# Improving memory performance in Haskell programs

I ran into a big problem recently in FNIStash – I realized that it was using way more memory than I thought it should.  What followed was a couple weeks of arduous investigation and learning about Haskell.  If you find your program has a memory leak that is not due to thunks, these tips might help you out.  Note that this all applies to the de facto standard compiler, GHC.
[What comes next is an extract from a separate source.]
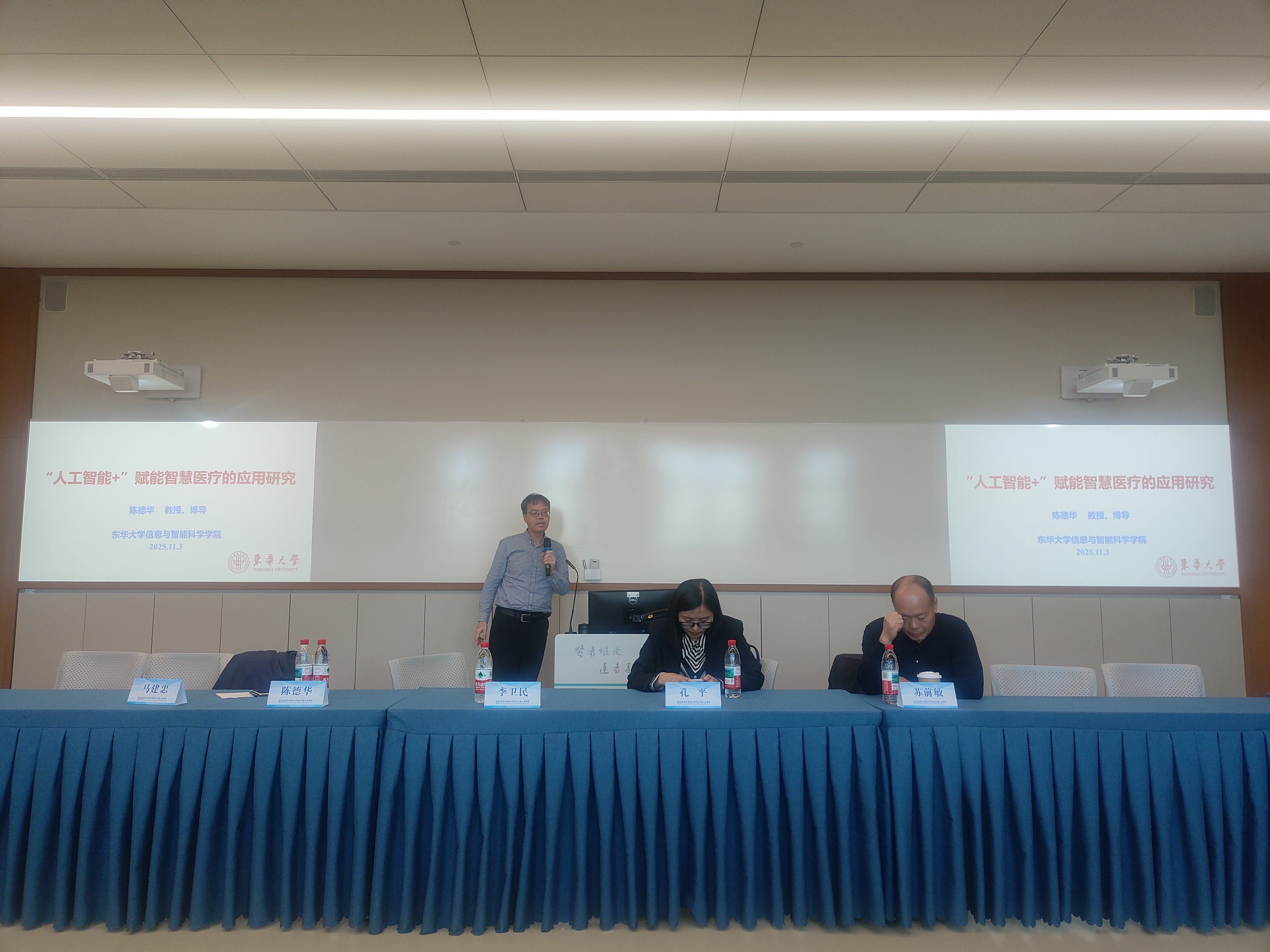 东华大学的陈德华教授分享的专题是:“人工智能+”赋能智慧医疗的应用研究,他结合自己的研究路径和研究感悟,就智慧医疗科研基地建设、“人工智能+”医疗健康应用研究两个大方向展开了饶有兴趣的专题交流,并分享了与万达信息股份有限公司、上海交通大学医学院附属瑞金医院、上海申康医学发展中心、上海市第一人民医院、上海市第六人民医院、复旦大学附属华山医院、上海市五官科医院、中南大学湘雅二医院成功合作的经验。陈教授多年来,一直与各大医院临床医生保持着紧密的合作,主持过多项国家重点研发计划项目和省部级研发项目,成果斐然,他的分享老师们留下了深刻的印象,也为老师们提供了卓有成效的的研究方法。

## Understanding memory usage

The first step to figuring out why your program is using a lot of memory is to measure it.  You can enable profiling by compiling your program with the -prof and -rtsopts compilation flags.  This enables profiling and allows you to control it from the RTS options passed from the command line when you run the program.  For example,

MyProgram.exe +RTS -hy

will run the program and categorize memory usage by type.  There are lots of categorization options available, such as by module or function.

When your program terminates, you’ll get a .hp file in the same directory as the executable.  You can convert it to a viewable PS or PDF file using

hp2ps -e8in -c MyProgram.hp
ps2pdf MyProgram.ps

The result is something like this.

Memory profile of FNIStash categorize by type.

Here we can see that most of the memory is used up by ARR_WORDS, which is a backing type for ByteString and Text, among other things.  Since FNIStash reads and parses an archive of binary files, this makes sense.  However, the magnitude of the plot maxes out at around 25 MB.  Why, then, does Windows report over 70 MB of memory used?

The discrepancy is due a couple of factors:

1. First, the profiling doesn’t come for free.  Compiling with the -prof option necessitates more memory just for reporting purposes.  This requires approximately 30% more memory than usual.  This overhead isn’t reported on the plot, but the OS sees it.
2. The reported memory usage is only “live memory.”  It doesn’t include old data that has not been collected by the garbage collector yet.  In fact, in very loose terms, the default GHC GC waits until live data grows to the size of old data before collecting it.  This means your program might use twice as much memory as needed.  Note that when the garbage collector does run, it temporarily needs more space to reorganize the live data, so if a large amount of data is being collected at once, you can see memory usage (as reported by the OS) spike up.
3. FNIStash, in particular, has some kind of memory leak.  Right after start up, the OS memory usage was around 66 MB, but crept up to 70 MB after some minor GUI interaction.  It’s actually unclear to me whether the leaked memory is reported in the plot.

So if we discount the leaked memory, then we have 66 MB / 1.3 / 2 = 25 MB, which is right in line with what the graph reports.  Turning off profiling saves an easy 30% of OS memory usage, but what if you want to save more?  How can the memory leak be fixed?  Are you stuck with using twice as much memory as necessary?